Your copy starts at the line containing "त्रियुगा नगरपालिकाले आइतबार" and ends at the last line below. Copy exactly, without pictures.
START Information supplied
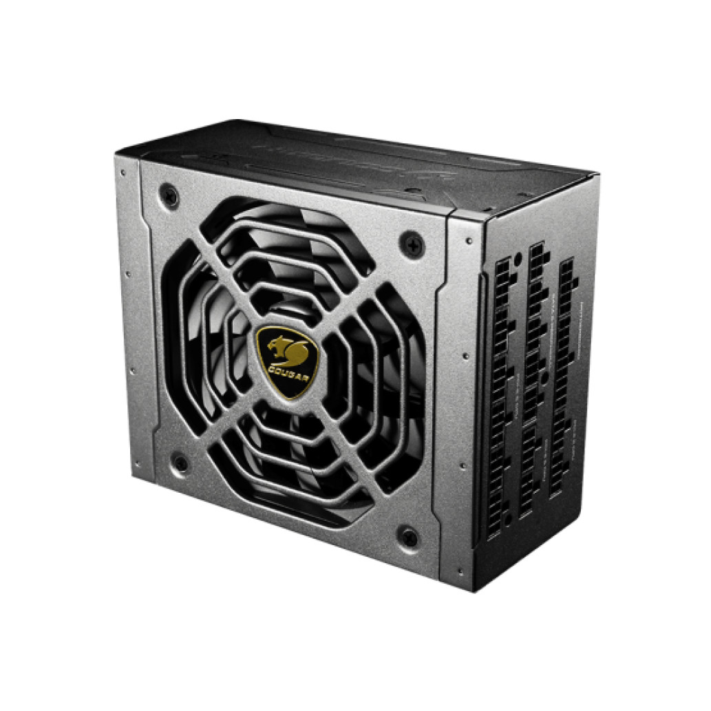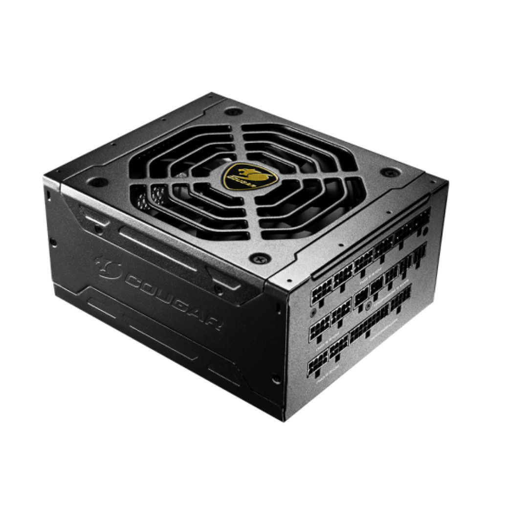 Cougar GEX 1050. Skupna moč: 1050 W, AC vhodna napetost: 100 – 240 V, AC vhodna frekvenca: 47 – 63 Hz. Vtič za matično ploščo: 20+4 pinski ATX, dolžina napajalnega kabla matične plošče: 65 cm, dolžina napajalnega kabla PCI Express: 65 cm. Namen: osebni računalnik, napajalna enota (PSU) Faktor oblike: ATX, certifikat 80 Plus: 80 PLUS Gold. Barva izdelka: Črna, Hlajenje: Aktivno, Namestitev ventilatorja: Zgoraj. Priloženi kabli: CPU, PATA, PCIe.
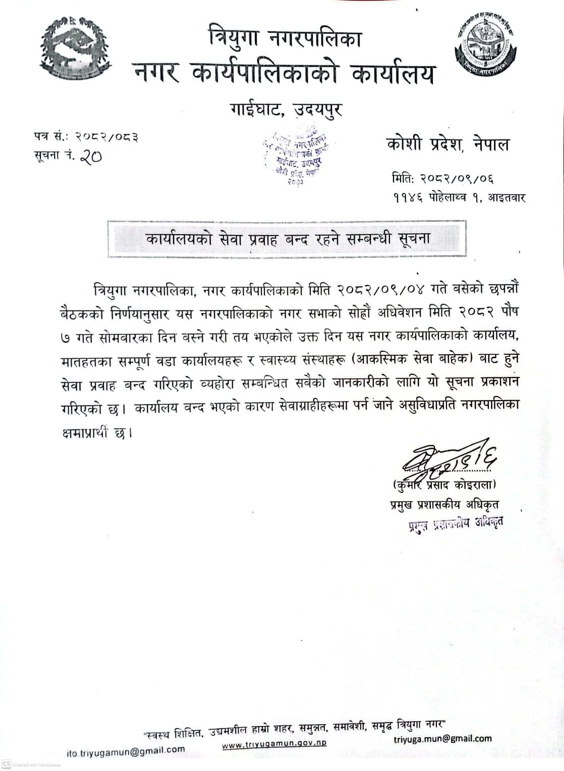 त्रियुगा नगरपालिकाले आइतबार सार्वजनिक सूचना जारी गर्दै सोमबार सबै सेवा प्रबाह बन्द गर्ने जनाएको छ ।नगरपालिकाको १६औं अधिबेशनको लागि भन्दै उक्त दिन नगर कार्यपालिका , मातहतको सबै वडा कार्यालय र सबै स्वास्थ सस्थाहरु बाट प्रदान गरिदै आएको सेवा प्रबाह बन्द रहने उल्लेख गरेको छ ।
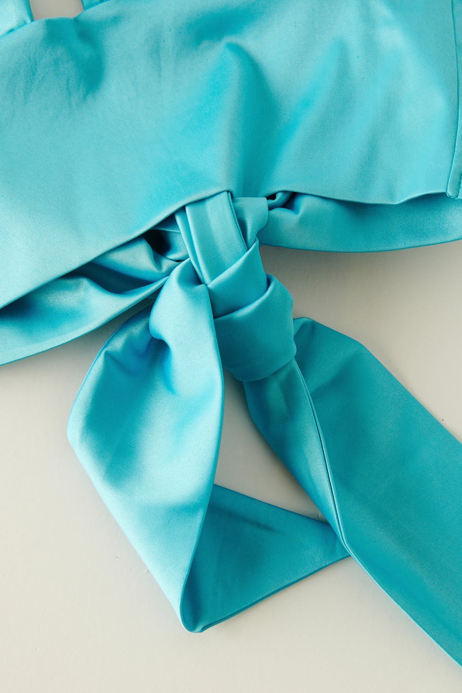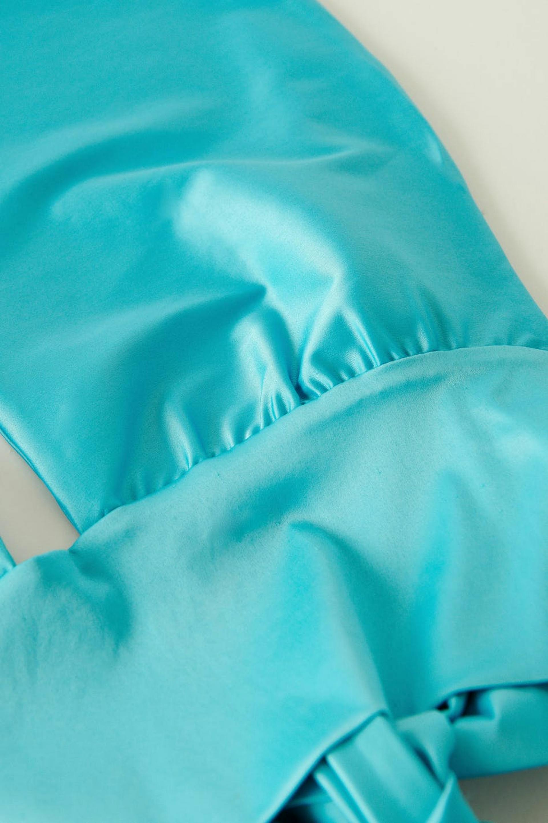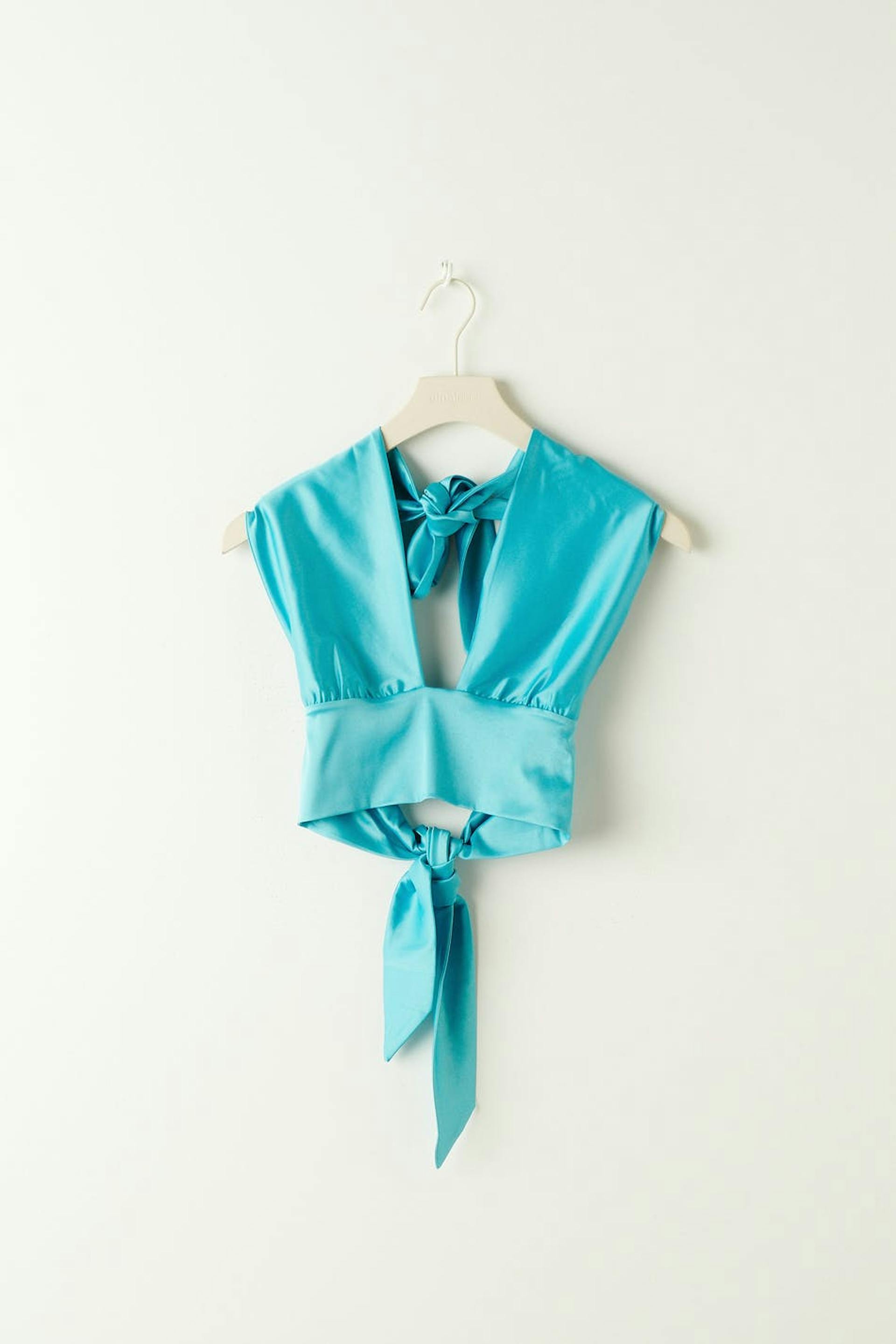 Haltertopje van satijn met open rug. Het topje is blauw en heeft een verzameld effect onder de boezem. Het heeft een wijde ceintuur met zelfbinder op de rug.
END Information supplied
Result for this task:
 त्रियुगा नगरपालिकाले आइतबार सार्वजनिक सूचना जारी गर्दै सोमबार सबै सेवा प्रबाह बन्द गर्ने जनाएको छ ।नगरपालिकाको १६औं अधिबेशनको लागि भन्दै उक्त दिन नगर कार्यपालिका , मातहतको सबै वडा कार्यालय र सबै स्वास्थ सस्थाहरु बाट प्रदान गरिदै आएको सेवा प्रबाह बन्द रहने उल्लेख गरेको छ ।
 Haltertopje van satijn met open rug. Het topje is blauw en heeft een verzameld effect onder de boezem. Het heeft een wijde ceintuur met zelfbinder op de rug.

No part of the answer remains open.